Belajar dari Film Tilik : Mulut itu Dijaga!

Belajar dari Film ‘Tilik’ – Sudah beberapa tahun yang lalu, film ‘Tilik’ dibuat, tapi saya baru saja melihat beberapa hari lalu. Benar-benar film yang luar biasa. Mencerminkan banget kondisi sebagian masyarakat (khususnya wanita) Indonesia.

Saya sebenarnya nggak bermaksud menjelekkan Indonesia, tapi ya gimana lagi…

Saya nggak pernah ke luar negeri e’. Jadi, ya nggak ngerti budaya serta kebiasaan orang luar negeri. Toh film ‘Tilik’ juga dibuat untuk orang Indonesia.

Kali ini, saya mencoba mengambil pelajaran (ibrah) dari film ini…

‘Katanya Twiter Beberapa Waktu Lalu’…

Pemain Bu Tejo menangis beberapa hari karena di-bully netizen.
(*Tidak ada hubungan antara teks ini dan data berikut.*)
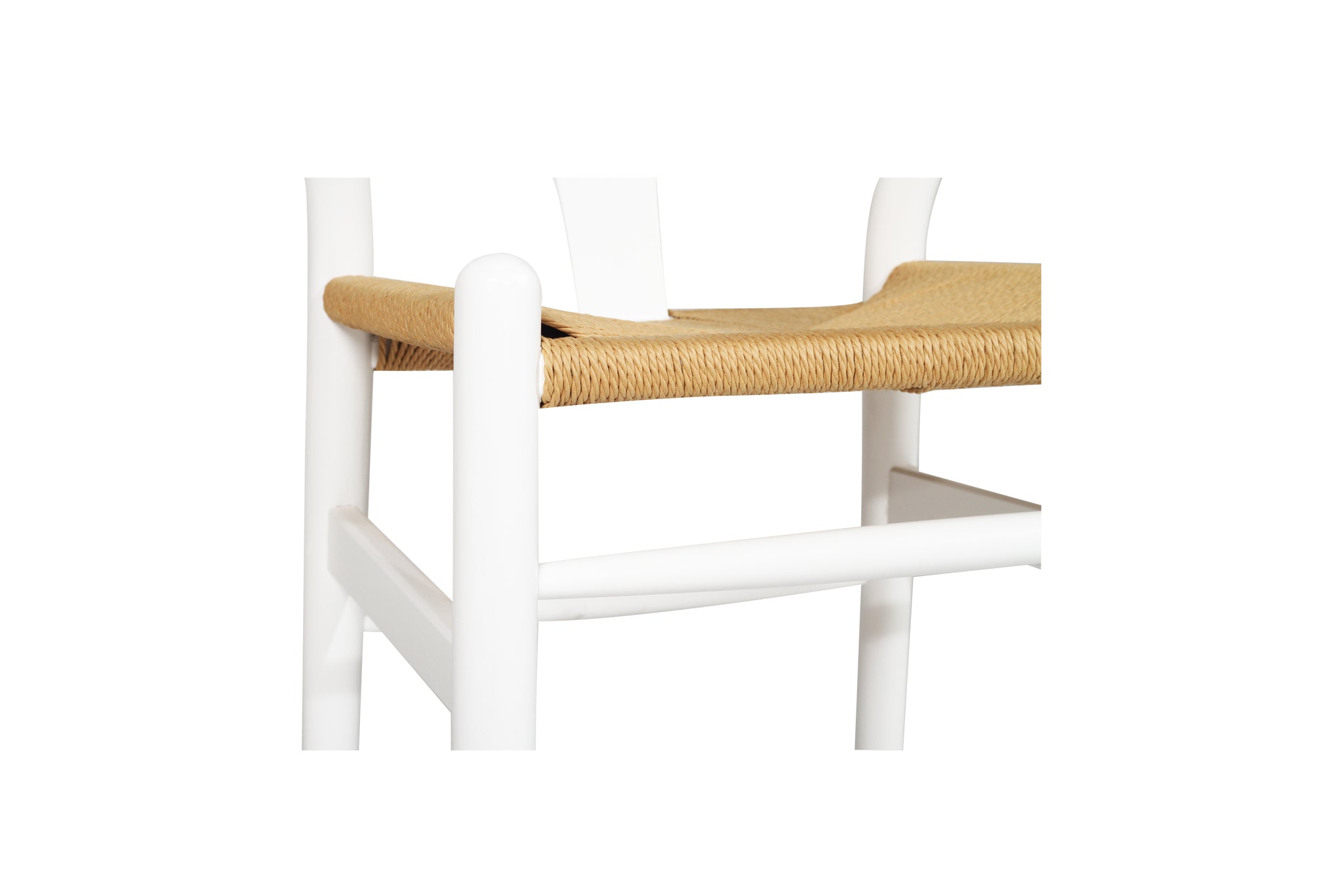 The Hans Wegner Wishbone Replica Counter Stool is a replica of the original Hans J Wegner CH24 Wishbone chair designed in 1950. The iconic design was inspired by portraits of Danish merchants sitting in Chinese Ming Dynasty chairs. It combines top rails and arms into a single piece with a characteristic Y-shaped back which provides comfortable support while giving stability to the steam-bent top. A natural paper cord base provides additional comfort and style whilst the tapered legs are an additional stylish feature of the stool.

Ya itulah masyarakat kita. Kalau disindir terus balas dendam. Beraninya main keroyokan lagi…

Sebelum berita Bu Tejo menangis (entah benar atau nggak), saya sudah mbatin, “Kog mau ya orang ini mainin peran kek gitu? Apa nggak takut sama masyarakat ya…”

Di masyarakat, satu kesalahan itu rasanya terkenang sepanjang masa. Lha ini, sudah main film, terus menggambarkan gaya mulutnya masyarakat. Impact-nya pasti sangat besar.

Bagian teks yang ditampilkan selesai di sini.